To deploy the infrastructure and test PDF data extraction, you need to:
- Install the latest .NET SDK.
- Install PowerShell Core.
- Install the Azure CLI.
- Install Visual Studio Code with the Polyglot Notebooks extension.
The Sample.ipynb notebook contains all the necessary steps to deploy the infrastructure using Azure Bicep, and make requests to the deployed Azure AI Document Intelligence and Azure OpenAI APIs to test with the provided PDF file.
Note
The sample uses the Azure CLI to deploy the infrastructure from the main.bicep file, and C# code to test the deployed services using Microsoft SDKs for Azure AI Document Intelligence and Azure OpenAI.
The notebook is split into multiple parts including:
- Login to Azure and set the default subscription.
- Deploy the Azure resources using Azure Bicep.
- Analyze the PDF file with the deployed Azure AI Document Intelligence API to convert the document to Markdown.
- Making requests to the deployed Azure OpenAI API to test the GPT-3.5 model with the analyzed Markdown content to return structured JSON data.
Each steps is documented in the notebook with additional information and links to the relevant documentation.
After you have finished testing, you can clean up the resources using the following steps:
- Run the
az group delete
command to delete the resource group and all the resources within it.
az group delete --name <resource-group-name> --yes --no-wait
The <resource-group-name>
is the name of the resource group that can be found as the AZURE_RESOURCE_GROUP_NAME environment variable in the config.env file.

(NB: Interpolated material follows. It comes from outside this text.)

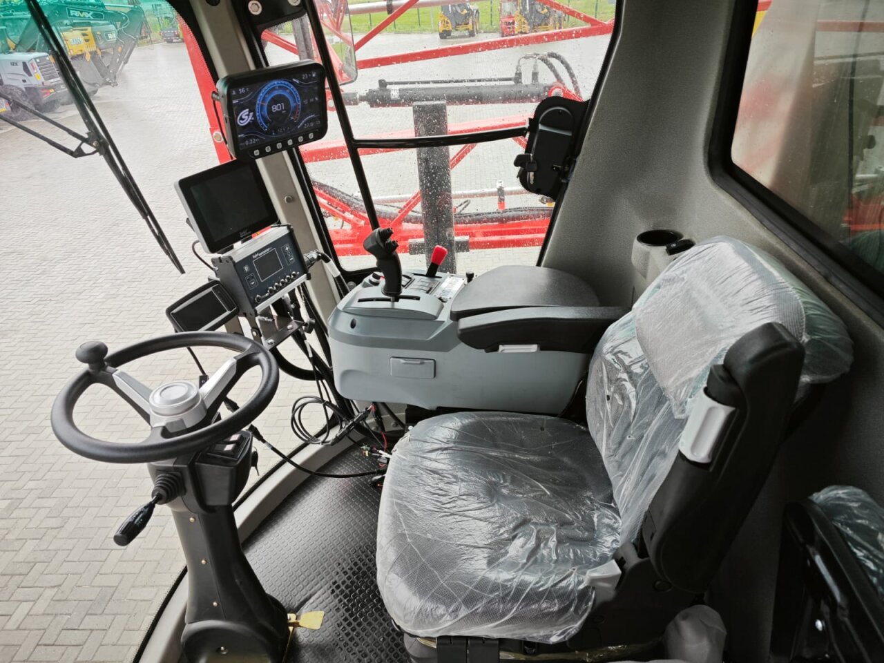Опрыскиватель оборудован полноприводной системой на гидромоторах, 4-мя полноповоротными колесами (4WS), максимальным клиренсом в 170 см и регулируемой шириной колеи в диапазоне 1,98 - 2,65 метра. Колея: 3-3,95 м, бесступенчатая регулировка в кабине. Скорость: рабочая скорость 0-18 км/ч; максимальная скорость 40 км/ч.

- Using Azure OpenAI GPT-4 Vision to extract structured JSON data from PDF documents
- This sample provides a simplified approach to this same scenario using only Azure OpenAI GPT-4 Vision to extract structured JSON data from PDF documents directly. This specific model supports analyzing images of documents, such as PDFs, but has limitations that this sample overcomes by using Azure AI Document Intelligence to convert the document to Markdown first.
- Note: GPT-4 Vision has the capability to analyze the content of images, marks, and signatures in documents, which is not possible with the Azure AI Document Intelligence pre-built Layout model when converting to Markdown.